Task =>
Give all of the data again exactly as written, omitting every image.

Data records:
[Start of Attachment]

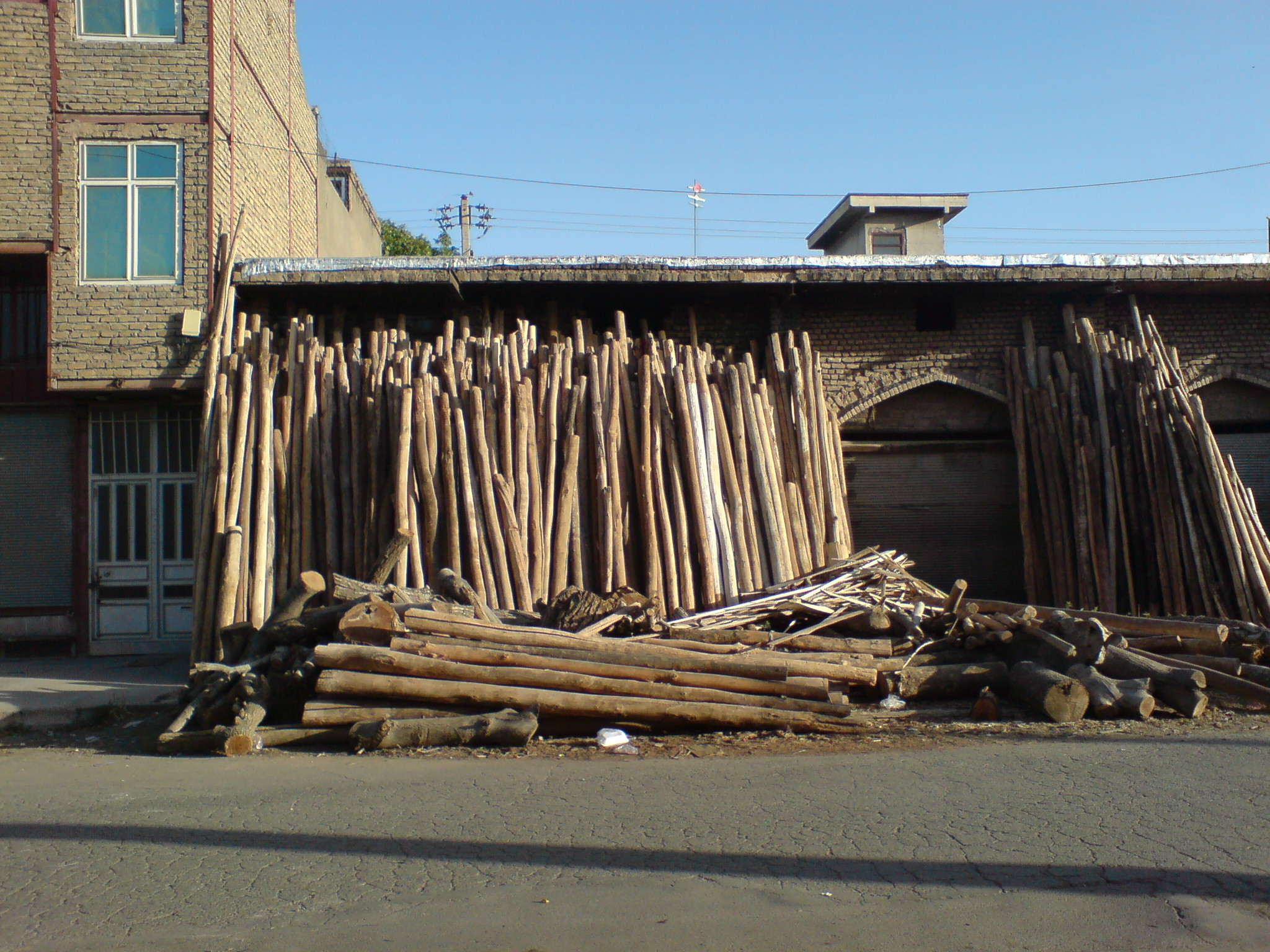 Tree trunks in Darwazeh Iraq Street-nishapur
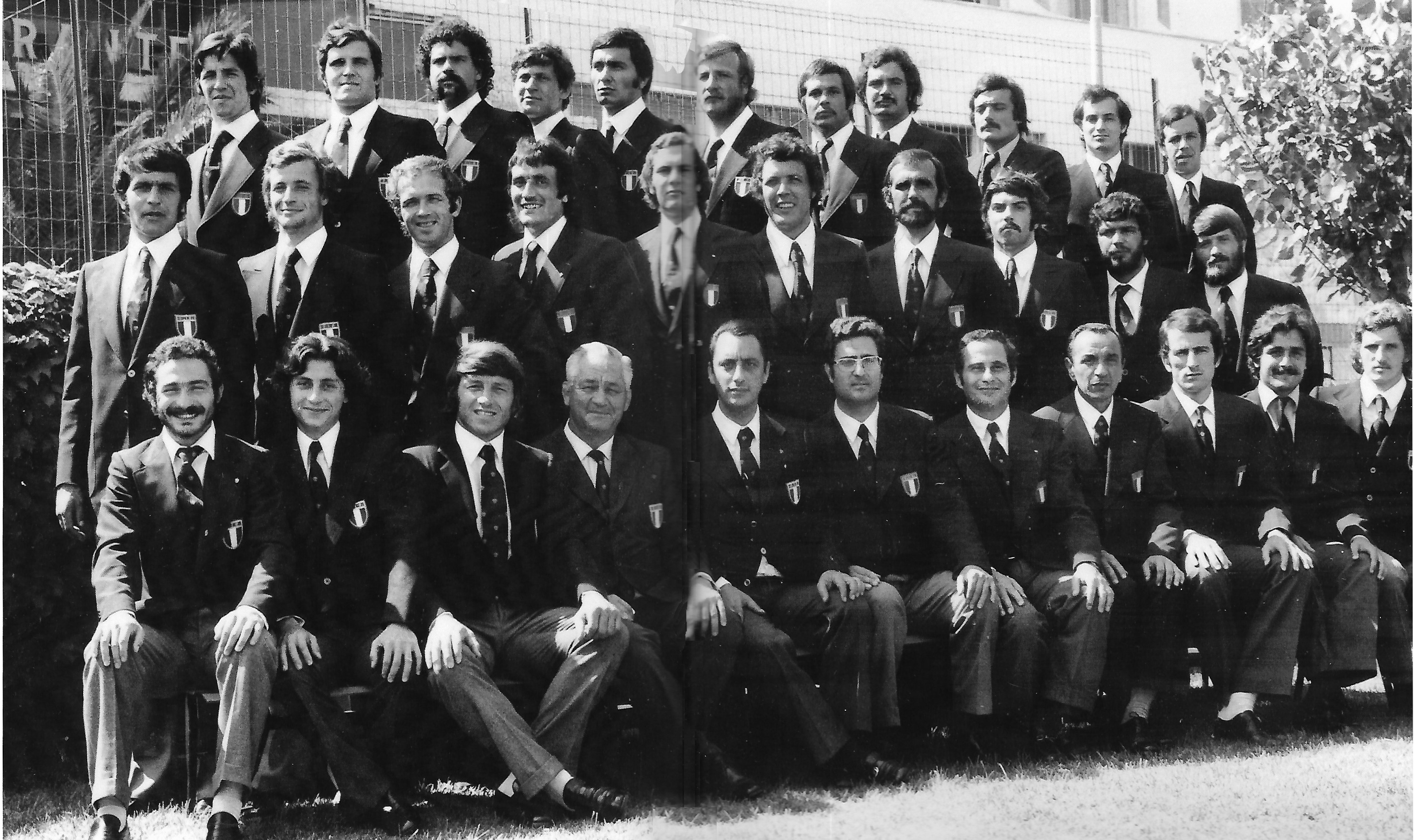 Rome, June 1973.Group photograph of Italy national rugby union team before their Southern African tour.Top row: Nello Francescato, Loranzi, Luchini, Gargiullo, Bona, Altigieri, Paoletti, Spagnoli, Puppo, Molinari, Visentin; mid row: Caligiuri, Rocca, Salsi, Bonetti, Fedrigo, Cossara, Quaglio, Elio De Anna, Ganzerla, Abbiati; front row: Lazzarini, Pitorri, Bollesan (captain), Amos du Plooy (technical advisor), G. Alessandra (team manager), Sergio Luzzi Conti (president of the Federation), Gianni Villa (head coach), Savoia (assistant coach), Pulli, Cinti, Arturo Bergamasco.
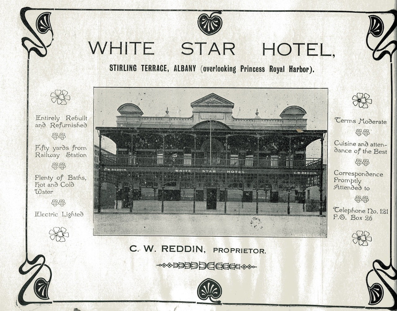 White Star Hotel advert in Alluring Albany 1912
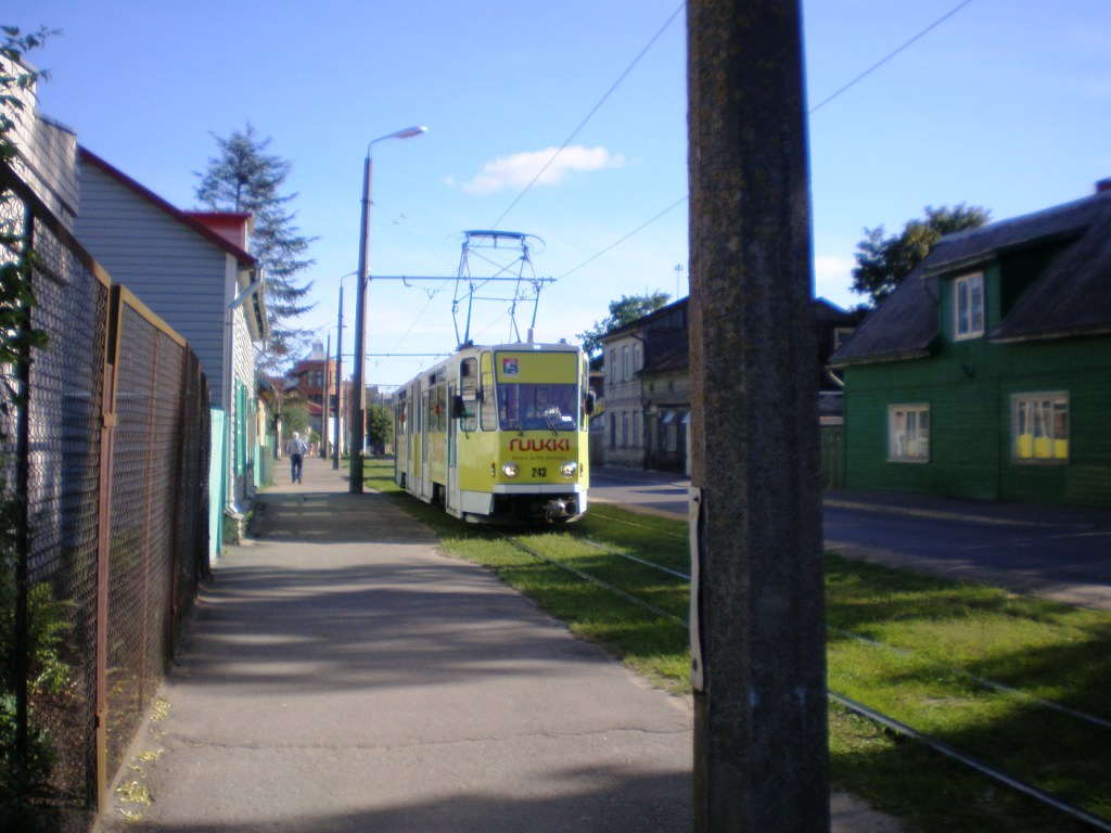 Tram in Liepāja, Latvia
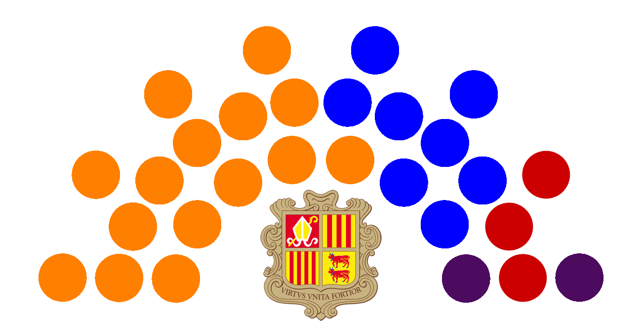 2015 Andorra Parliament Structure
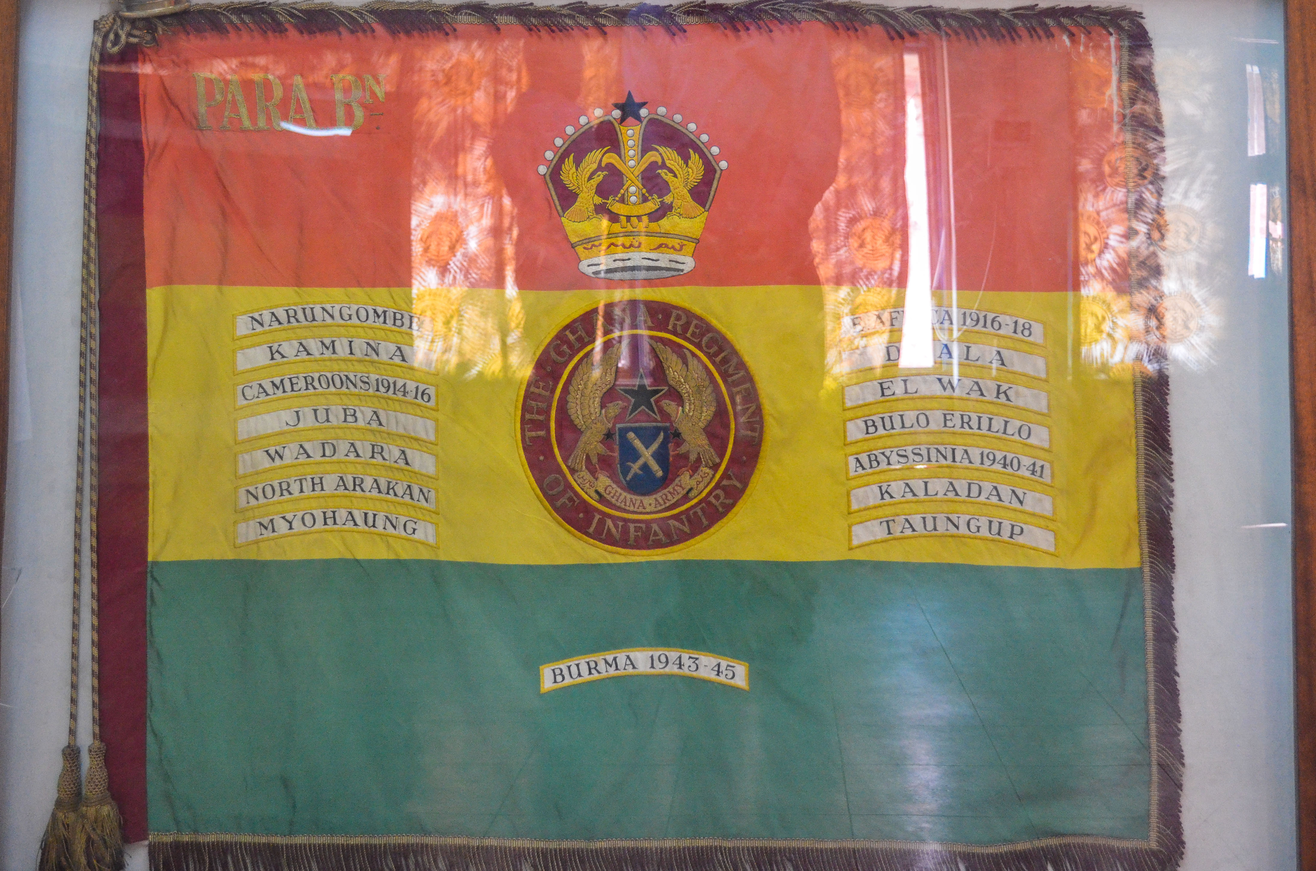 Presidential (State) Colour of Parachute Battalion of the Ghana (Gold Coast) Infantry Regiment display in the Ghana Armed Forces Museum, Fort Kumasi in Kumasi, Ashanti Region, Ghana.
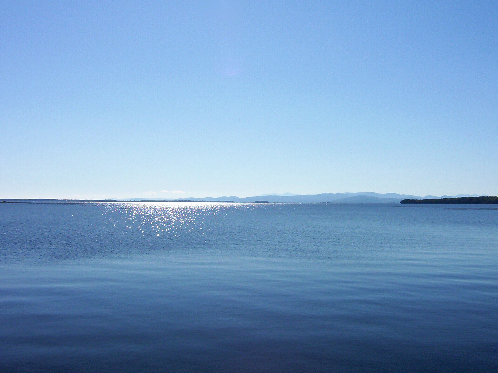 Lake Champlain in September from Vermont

[End of Attachment]

Answer below =>
 Tree trunks in Darwazeh Iraq Street-nishapur
 Rome, June 1973.Group photograph of Italy national rugby union team before their Southern African tour.Top row: Nello Francescato, Loranzi, Luchini, Gargiullo, Bona, Altigieri, Paoletti, Spagnoli, Puppo, Molinari, Visentin; mid row: Caligiuri, Rocca, Salsi, Bonetti, Fedrigo, Cossara, Quaglio, Elio De Anna, Ganzerla, Abbiati; front row: Lazzarini, Pitorri, Bollesan (captain), Amos du Plooy (technical advisor), G. Alessandra (team manager), Sergio Luzzi Conti (president of the Federation), Gianni Villa (head coach), Savoia (assistant coach), Pulli, Cinti, Arturo Bergamasco.
 White Star Hotel advert in Alluring Albany 1912
 Tram in Liepāja, Latvia
 2015 Andorra Parliament Structure
 Presidential (State) Colour of Parachute Battalion of the Ghana (Gold Coast) Infantry Regiment display in the Ghana Armed Forces Museum, Fort Kumasi in Kumasi, Ashanti Region, Ghana.
 Lake Champlain in September from Vermont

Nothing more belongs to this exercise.